I will try to keep an occasional journal of events and of my private thoughts. The notes will be brief and there will be errors of fact and clarity.
For I am writing in the dark.

2023/11/23
We always knew it would come to this, one day, though this war started no differently than those before it. First came the sabre rattling and the clashing of egos. Then the aeroplanes, the bombs, and the missiles. And then the troops. The worst of them were the paratroopers, who descended like locusts to squabble over the scraps that the heavy artillery had left behind. Stupid children waving guns and chanting slogans they didn’t understand. Thugs, thieves, and rapists. When they came to our city; to my house, they looked at me with distain; with disinterest. But they took me anyway. When the fourth of them, the youngest of them – young enough to be my son, had finished and was readjusting his trousers, he grinned down at me. “Thank you, Ma’am,” he said.
I vomited for 3 hours.
Aleksander found me lying on the dusty concrete floor of what once had been our home. He had been in the forest, making final preparations for our departure – so his efforts to save me had effectively left me at the mercy of the beasts. He carried me to the van and drove me away to the forest. Few words were spoken. What was there to say?
2023/12/11
It is already difficult to receive news. But it has happened. Nobody knows who was the first to push the button. It matters not. The monster has been released. The madness has begun.
2024/01/18
The nights are growing colder, though it is increasingly difficult to tell night from day. The cracks in the trapdoor at the top of the ladder are our only source of natural light and even that grows dimmer.
The shortwave radio, our only means of communication, is increasingly unreliable and we must limit its use to conserve battery power. We have heard though, a few times, of other survivalists venturing out into the open. But, of those, we have never heard again.
2024/03/01
We speak less and less.
He asks for sex, from time to time. But I cannot bring myself to it.
It is not just the sex. “You have no passion within you for anything at all, Katarzyna.” Aleksander has complained. And he is right. My heart isn’t in it.
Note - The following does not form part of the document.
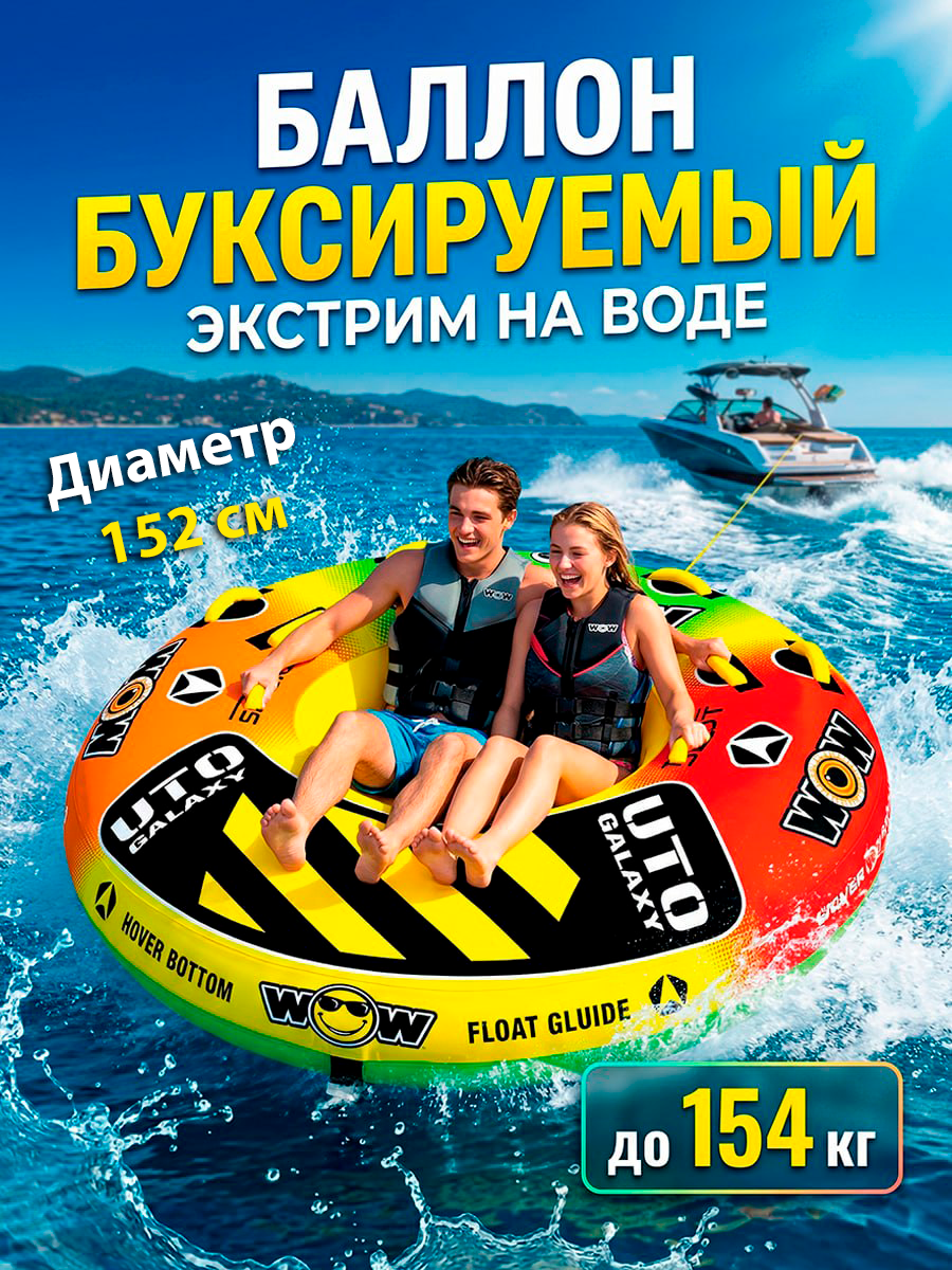 Буксируемый за катером (гидроциклом) надувной баллон американского производителя World of watersports. Предназначен для катания не более 2х человек с общей массой не более 154 кг. Буксировочный фал в комплект не входит.

He assures me always that we have sufficient food, water, and firewood to last this thing out. And that we have each other.
I am not sure that that will be enough.

2024/04/18
I have tried to make this place inhabitable.
There is a mirror on one wall and on another a crumpled photograph from our wedding day. I cannot bear to look at either of them.
Conditions are horrid. There are no internal walls down here and no hope of privacy. The toilet is little more than a hole in the ground. One must squat over it and hear the echoes of one’s own ablutions returning from the deep. We turn away when the other is using it.
The stench of everything is becoming intolerable.
Although good manners seem now, to me, ridiculous.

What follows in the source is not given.